Make sure the tRD (I think GIGABYTE calles it "static tREAD value") isn't set below 8. Try something like 10 first and a FSB of 400MHz. If you can get the tRD down to 8 at 400MHz you're doing really good, but 10 isn't bad.

And if your G31 is like my P35-DS3L you have to press Ctrl + F1 in the main BIOS screen to access the advanced timings.
July 21, 2008 4:31:58 AM

i'm at 3.5 right now and my overload temp is 40C, so not too bad. I might call it quits.
July 21, 2008 5:56:42 AM

aj6065 said:
But how does that make sense. That would mean RAM multipliers are useless and shouldn't exist. If the RAM is restricted to the FSB, then there would be no point in making RAM that could run at 800mhz if your FSB runs at 266 or 333mhz.

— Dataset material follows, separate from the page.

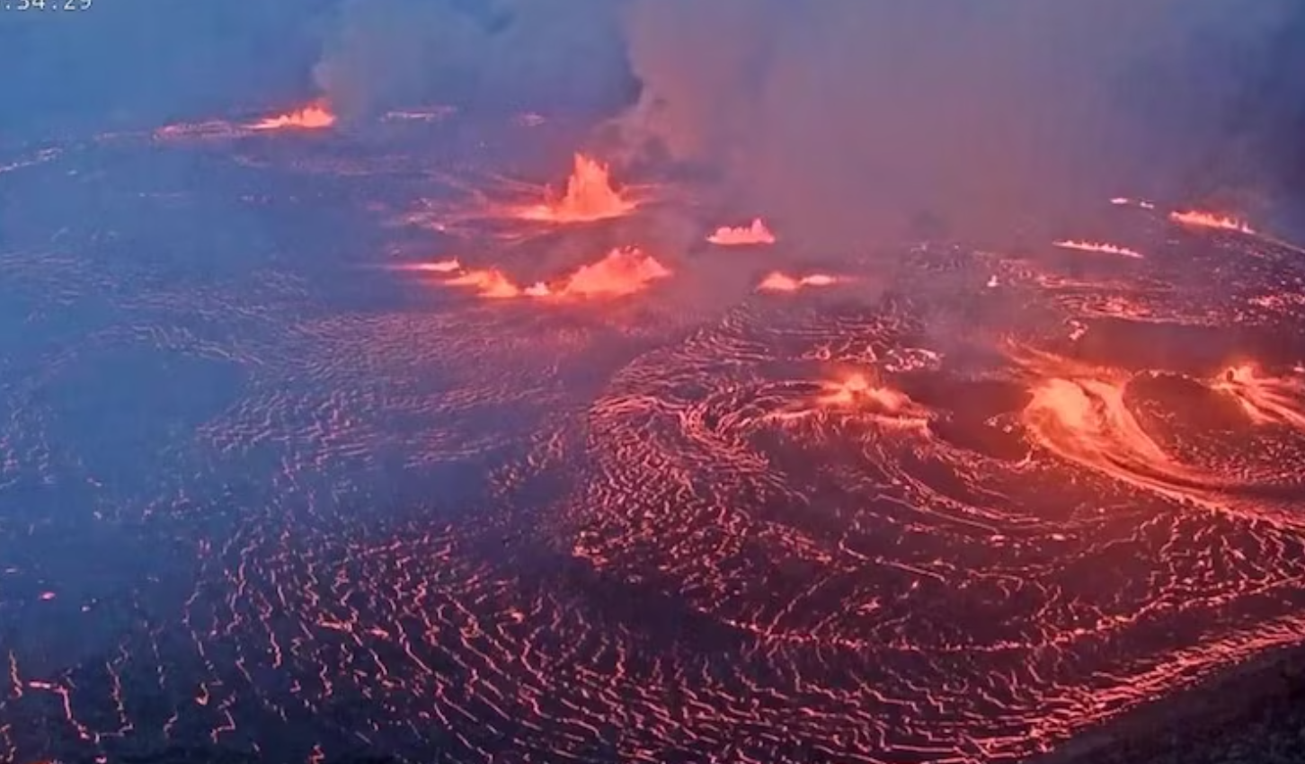 美国地质调查局的夏威夷火山观测站在一份声明中说,清晨在基拉韦厄火山顶峰拍摄的网络摄像头图像中检测到辉光,表明火山顶火山口的 Halemaumau 火山口内正在喷发。

You are saying in that case the RAM can only communicate with the FSB at 533 or 667mhz, which is below the stated 800mhz of the RAM. The reason RAM multipliers exist is so you can purposely run RAM higher than the FSB speed.


of course you can run it at 800mhz with a 200fsb or 266 or even 333. the rated speed of the memory doesnt mean you have to run it at that speed. and even if you DO run it at those speed then the performance gain is minimal because its restricted by the FSB.

with a higher ram speed along with a low FSB you will only gain lower latency but actual read and write performance will ONLY gain about <100MB/s. i think you should read into the architecture of Intel's FSB based processor.

for arguement sake if you cant get any actual performance gain why put extra stress on the ram when its unneccessary? what the ram is stated to run you dont have to run it at that speed. running it at higher speed will be more stressful then run it at lower speed.thats common sense. of course IF you do gain alot of performance then sacraficing its life span its reasonable.BUT NOT WHEN YOU CANT GAIN ANY SPEED.
July 21, 2008 4:00:19 PM

I have a GA-G33M-S2L with an E7200 OC'd to 3.6 (400x9) on 1.25.

I set +1 to the FSB, if I remember correctly.

Stable for 12 hours on OCCT (Prime).